Reputation risk Late payments to lenders or suppliers or the delivery of subpar products might erode consumer confidence in its integrity and could have a detrimental impact on business success. The company continuously makes conscious efforts to meet all stakeholder expectations and maintains strict quality control procedures.
Customer concentration risk If one significant client fails, any concentration of customers may lead to revenue loss. The company continuously strives to acquire new customers across various geographical regions to diversify its customer base.

Environment and safety

Nitin Spinners ensures that its operations are environmentally sustainable and safe. It focuses on Energy conservation through use of Renewable Energy, water conservation through recycling of water and use of sustainable fibres. All initiatives taken by the Company focuses on the well-being of all the stake holders. The Company adheres to statutory and industrial environmental protection requirements and strives to conserve natural resources wherever feasible.

Moreover, the Company has been accredited by Intertek for its OHSAS 18001:2007 management system. This demonstrates its commitment to occupational health and safety standards.

Human resources

Human resources are one of the most important assets for a companys success. To attract, retain and develop its talent pool, the Company consistently identifies potential, provides training opportunities and recognises performance.

The Company puts high priority on employee safety and well-being. Furthermore, Nitin Spinners puts utmost importance to eradicating workplace discrimination including gender, age, ethnicity, political affiliation and religion. The Company also places special care and emphasis on professional and gender equality, as well as the inclusion of individuals with disabilities. Additionally, the Company has been certified by BSI with S.A. 8000:2014 accreditation, reflecting its adherence to the Social Accountability System. The company has total employee strength of 7390, as of 31st March 2024.

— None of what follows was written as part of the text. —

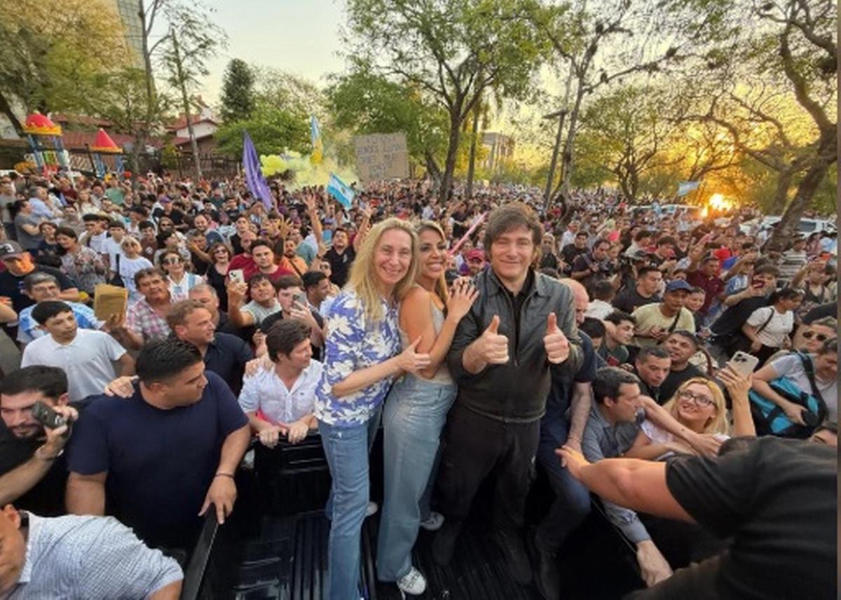 El mandatario estuvo acompañado por su hermana y secretaria general de la Presidencia, Karina Milei, y por la candidata a diputada nacional, la exvedette Virginia Gallardo.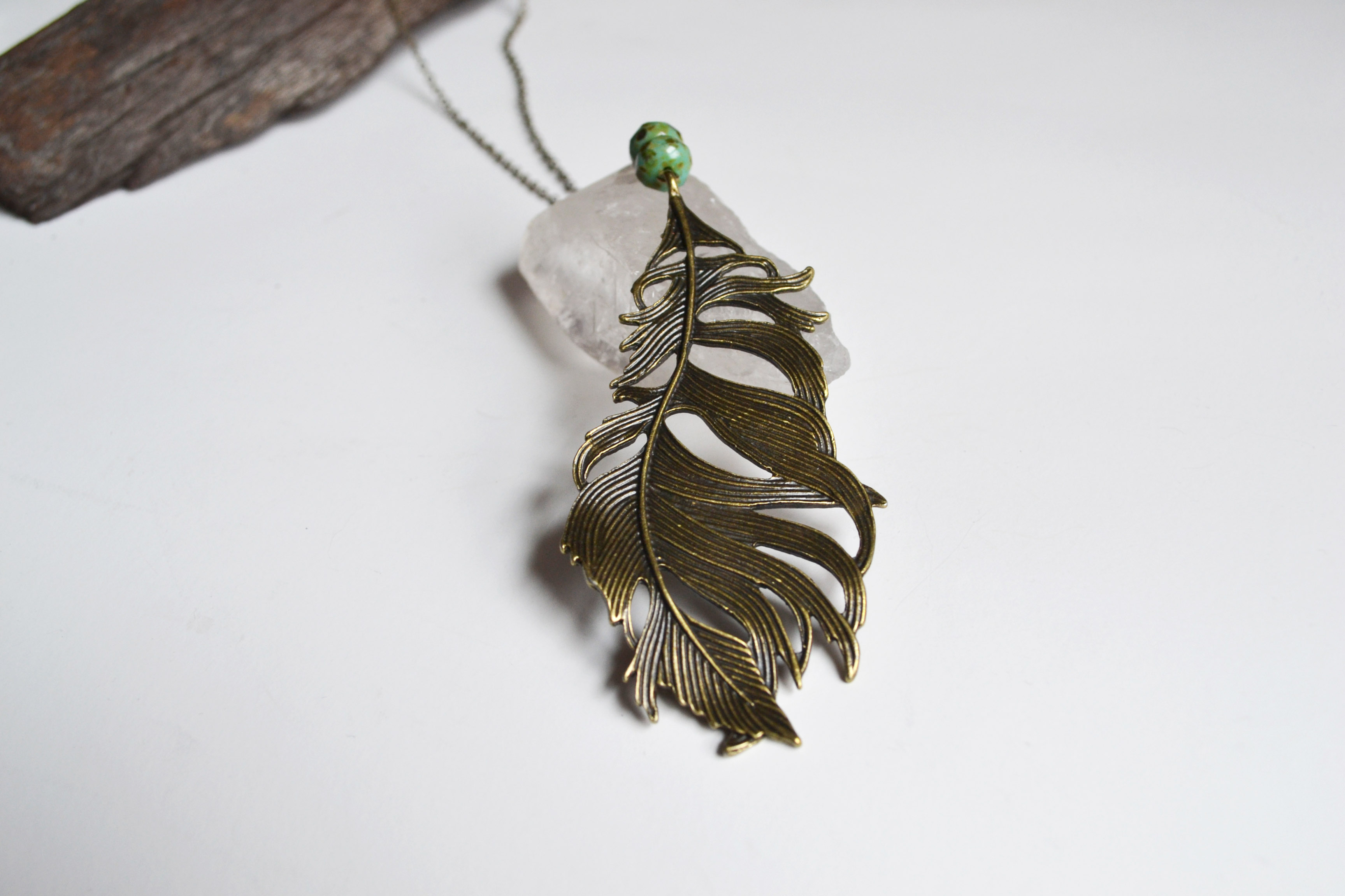 Large Feather Necklace, Bohemian Long Necklace, Long Chain Feather Necklace, Floating Feather, Dreamy Feather

Internal control and their adequacy

Nitin Spinners maintains effective internal control systems, which are consistently enhanced and adjusted to adapt to evolving business landscapes, as well as statutory and accounting standards. The Company possesses a strong Management Information System, which plays a vital role within this control framework. The Audit Committee of the Board of Directors regularly evaluates the efficiency and efficacy of these internal control systems, offering recommendations for enhancement and reinforcement where necessary. During the past year, the internal control system underwent testing, revealing no significant flaws in either design or implementation.

Segment wise performance

The Company operates in a single segment of textile

Cautionary statement

The passages found in the Management Discussion and Analysis, which outline the Companys goals, forecasts, assessments, anticipations, or forecasts, might qualify as forward-looking statements according to relevant laws and regulations. Actual outcomes might significantly deviate from what is either directly stated or indirectly implied. Key determinants that could impact the Companys activities encompass the availability and costs of raw materials, fluctuating demand and pricing trends in the Companys main markets, alterations in governmental regulations and tax structures, economic shifts within India and the nations where the Company operates, along with other ancillary factors.